Upload 2 LFS files:   0%|          | 0/2 [00:00<?, ?it/s]

model.safetensors:   0%|          | 0.00/438M [00:00<?, ?B/s]

training_args.bin:   0%|          | 0.00/4.60k [00:00<?, ?B/s]

'https://huggingface.co/meursault42/my_awesome_model/tree/main/'

# Inference with our freshly tuned model

OK with that out of the way, let's see how it does. I've grabbed a sample entry from our test set (which I'll note here the model was evaluated on: this is not true out of set generalization). For true out of set inference, you'll need to have a true test set which was not used for tuning (which, again, ours was).

In [58]:
samp_text = reddit_health["test"][145]['text']
samp_label = reddit_health["test"][145]['label']

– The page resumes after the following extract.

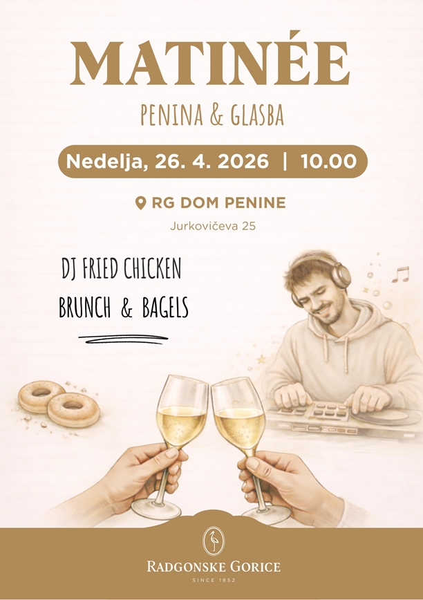 Vabljeni na sproščeno nedeljsko druženje v Domu penine, kjer se prepletajo penina, glasba, kulinarika in prijetno vzdušje. MATINÉE prinaša celodnevno doživetje – od dopoldanskega bruncha do popoldanskega uživanja ob kozarcu penine in ritmih glasbe.

There are a lot of ways of running your model once it is in memory, but I've stolen some more code from HF that implements a pipeline. This just means it can take your novel input, run it through the tokenizer and then run the model on it.

In [59]:
from transformers import pipeline

classifier = pipeline("text-classification", model="my_awesome_model")
classifier(samp_text)

[{'label': 'depression', 'score': 0.9957908391952515}]

The model believes the sample text came from the depression subreddit with extremely high certainty (99.579% to be precise: thanks softmax!). Let's see if that pans out for us

In [60]:
print(samp_label)
print(label2id)

0
{'depression': 0, 'ptsd': 1, 'ADHD': 2, 'OCD': 3, 'aspergers': 4}


Indeed it did. The model was correct. Hooray.

To be clear: this is merely a single instance of how to perform this task. There are *many* other NLP tasks, and this is probably one of the simplest. But hopefully this sample code gives you a sense of the workflow and steps needed to do simple finetuning for a labelled task.